PROVIDED DATA:
☆ ☆ ☆ ☆

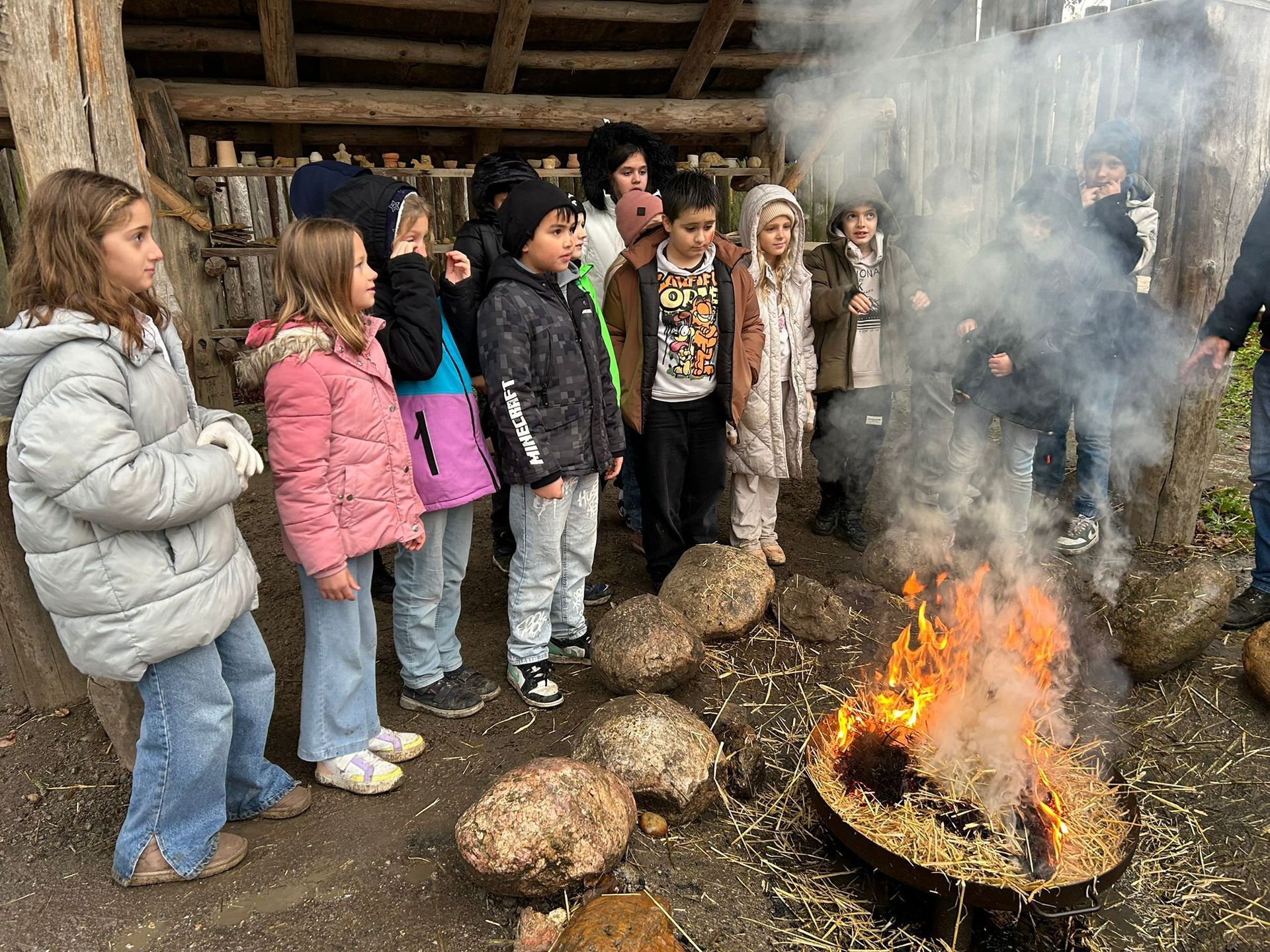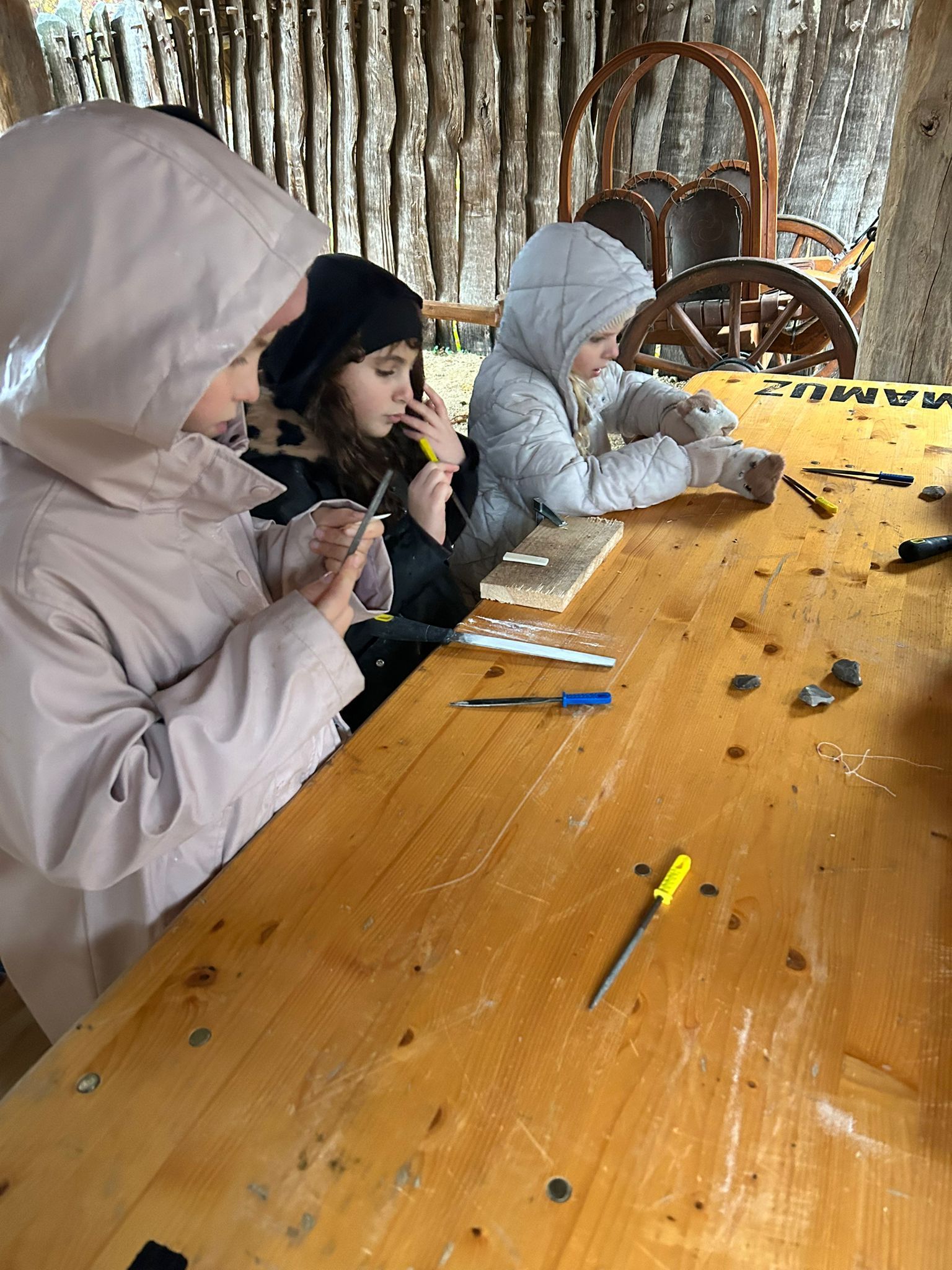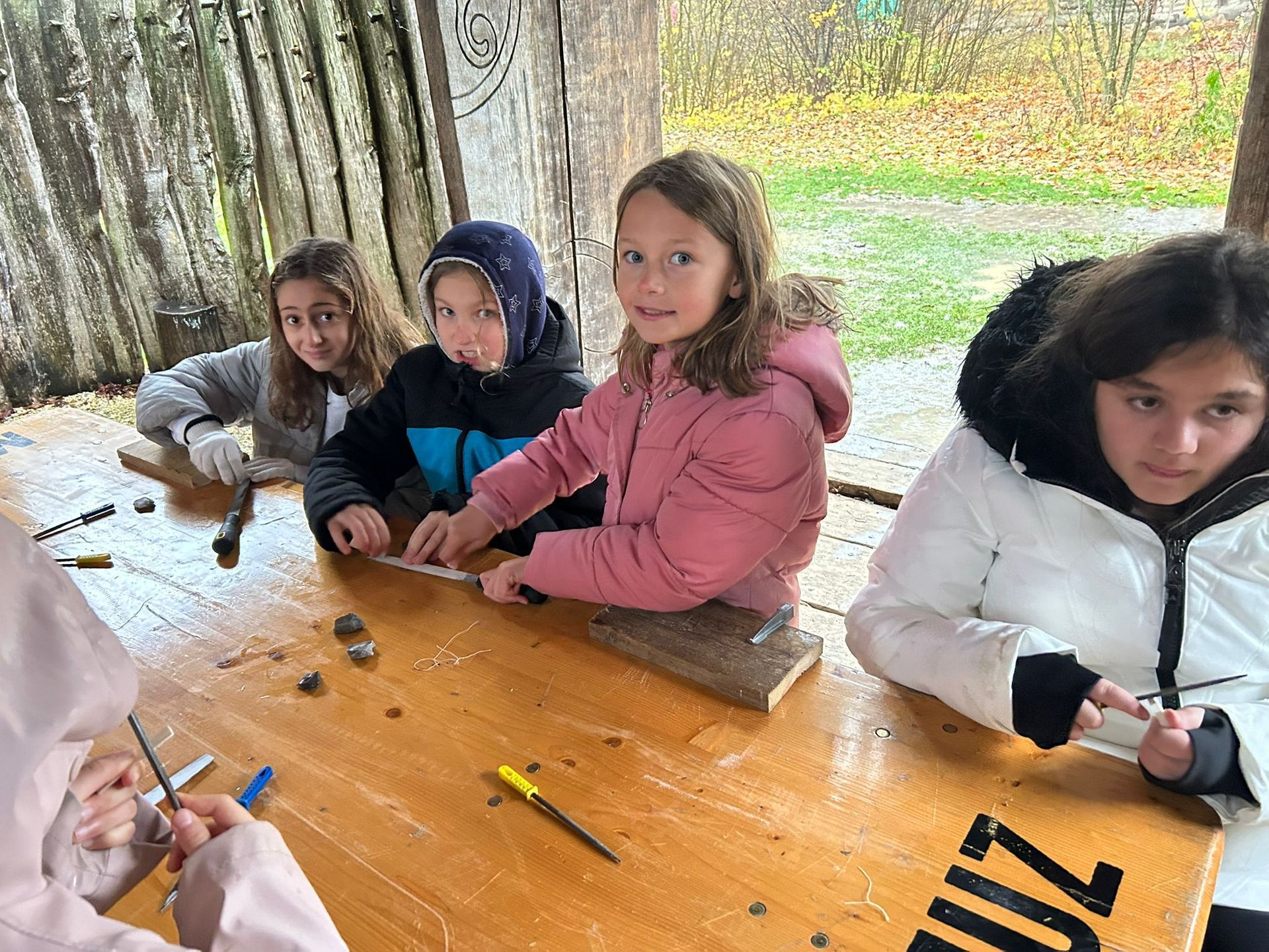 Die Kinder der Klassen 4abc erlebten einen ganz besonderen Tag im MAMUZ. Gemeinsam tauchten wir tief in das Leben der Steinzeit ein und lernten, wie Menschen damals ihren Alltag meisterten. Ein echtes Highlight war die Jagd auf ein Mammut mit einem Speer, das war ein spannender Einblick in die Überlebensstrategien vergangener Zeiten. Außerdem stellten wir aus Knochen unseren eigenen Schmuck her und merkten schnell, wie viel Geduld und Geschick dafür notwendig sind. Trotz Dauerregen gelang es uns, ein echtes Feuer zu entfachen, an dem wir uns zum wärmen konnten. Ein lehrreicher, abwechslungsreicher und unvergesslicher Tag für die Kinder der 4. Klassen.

☆ ☆ ☆ ☆

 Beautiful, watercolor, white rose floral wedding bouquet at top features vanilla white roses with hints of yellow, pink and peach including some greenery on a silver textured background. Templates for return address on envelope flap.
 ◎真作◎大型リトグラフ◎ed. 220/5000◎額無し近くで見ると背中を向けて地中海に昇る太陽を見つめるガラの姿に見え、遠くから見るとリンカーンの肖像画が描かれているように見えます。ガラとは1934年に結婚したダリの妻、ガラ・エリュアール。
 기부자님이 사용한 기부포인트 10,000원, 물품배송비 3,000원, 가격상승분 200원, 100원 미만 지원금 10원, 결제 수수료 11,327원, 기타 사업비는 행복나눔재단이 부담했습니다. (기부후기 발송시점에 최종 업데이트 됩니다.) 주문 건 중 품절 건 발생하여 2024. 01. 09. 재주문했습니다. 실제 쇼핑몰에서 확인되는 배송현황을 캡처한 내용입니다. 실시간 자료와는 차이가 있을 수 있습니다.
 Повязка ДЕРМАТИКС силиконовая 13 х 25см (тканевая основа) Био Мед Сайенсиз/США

☆ ☆ ☆ ☆

WHAT THE TASK ASKS: Your answer must be the lines above from the one containing "Beautiful, watercolor, white" to the one containing "Повязка ДЕРМАТИКС силиконовая", both included, restated word for word.

SOLUTION TO THIS TASK:
 Beautiful, watercolor, white rose floral wedding bouquet at top features vanilla white roses with hints of yellow, pink and peach including some greenery on a silver textured background. Templates for return address on envelope flap.
 ◎真作◎大型リトグラフ◎ed. 220/5000◎額無し近くで見ると背中を向けて地中海に昇る太陽を見つめるガラの姿に見え、遠くから見るとリンカーンの肖像画が描かれているように見えます。ガラとは1934年に結婚したダリの妻、ガラ・エリュアール。
 기부자님이 사용한 기부포인트 10,000원, 물품배송비 3,000원, 가격상승분 200원, 100원 미만 지원금 10원, 결제 수수료 11,327원, 기타 사업비는 행복나눔재단이 부담했습니다. (기부후기 발송시점에 최종 업데이트 됩니다.) 주문 건 중 품절 건 발생하여 2024. 01. 09. 재주문했습니다. 실제 쇼핑몰에서 확인되는 배송현황을 캡처한 내용입니다. 실시간 자료와는 차이가 있을 수 있습니다.
 Повязка ДЕРМАТИКС силиконовая 13 х 25см (тканевая основа) Био Мед Сайенсиз/США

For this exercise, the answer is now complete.